The program was expensive, costing three billion dollars. In the midst of an economic downturn, the government didn’t just have that kind of money on hand. They had to borrow it, increasing the nation’s debt. Individuals taking part in the program were likely giving up a paid-for car and getting a car that will take years to pay off. So, not only did CARS increase the national debt, but also the individual debt of many participants

Obama called for Congress to pass legislation reforming health care in the United States, a key campaign promise and a top legislative goal. He proposed an expansion of health insurance coverage to cover the uninsured, to cap premium increases, and to allow people to retain their coverage when they leave or change jobs. His proposal was to spend $900 billion over 10 years and include a government insurance plan, also known as the public option, to compete with the corporate insurance sector as a main component to lowering costs and improving quality of health care. It would also make it illegal for insurers to drop sick people or deny them coverage for pre-existing conditions, and require that every American carry health coverage. The plan also includes medical spending cuts and taxes on insurance companies that offer expensive plans. Obamacare is riddled with tax increases, has anyone added those up? The Heritage Foundation did. All told Obamacare contains 18 separate tax increases that will cost taxpayers $503 billion between 2010 and 2019. COST TAXPAYERS!! That’s in addition to the $900 billion in start up costs.

On November 7, 2009, a health care bill featuring the public option was passed in the House. On December 24, 2009, the Senate passed its own bill—without a public option—on a party-line vote of 60–39. On March 21, 2010, the health care bill passed by the Senate in December was passed in the House by a vote of 219 to 212. Obama signed the bill into law on March 23, 2010. More taxes, more government spending.

Chairman, Ben Bernanke, stated that the economic outlook was "unusually uncertain." Who can blame him for saying that. History has shown two different actions responding to a faltering economy. One has shown that it works and the other that it does not. Talking points from both sides make it hard to figure which is the right move. Repubs always push for lower taxes, smaller Government. Dems push for spending and bigger Government. Charlie Rangel (D-NY) was interviewed by John Stossel. They debated the size of government and entitlements. Rangel Quote” It’s a great government, why not be big”. Stossel responded by saying “I want a smaller more efficient government like this is”. Stossel held up a book on constitution. Rangel said” throw out that book”. Really Charlie? Get rid of our constitution? What can one expect; Rangel is the king of gimme gimme gimme.

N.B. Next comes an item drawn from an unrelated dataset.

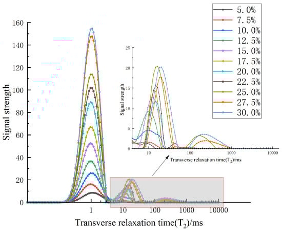 With the increase in moisture content, the signal amplitude of the three spectral peaks gradually increases, especially the main peak, which exhibits a significant enhancement. This observation suggests that as moisture content rises, it infiltrates into smaller-sized pores, leading to signal amplification and increased amplitude. Furthermore, there is a noticeable rightward shift in the second wave peak accompanied by an increase in both peak height and spectral area. These findings indicate that with increasing moisture content, water molecules penetrate deeper into the soil matrix, causing continued expansion of the pore radius and a tendency to enter medium-sized pores.

History shows under Reagan, Clinton, and Bush that tax and budget cuts make a big difference and spurs economic growth. But the Dems always use scare tactics to hide the fact those principals work. History also shows under FDR, Carter, Early Clinton years, and under Obama that tax increases and growing Government does not work. So why are the Dems and Obama always against tax cuts and smaller Government? Why be against cut, cap and Balance? Americans follow that in their private lives, why not Washington?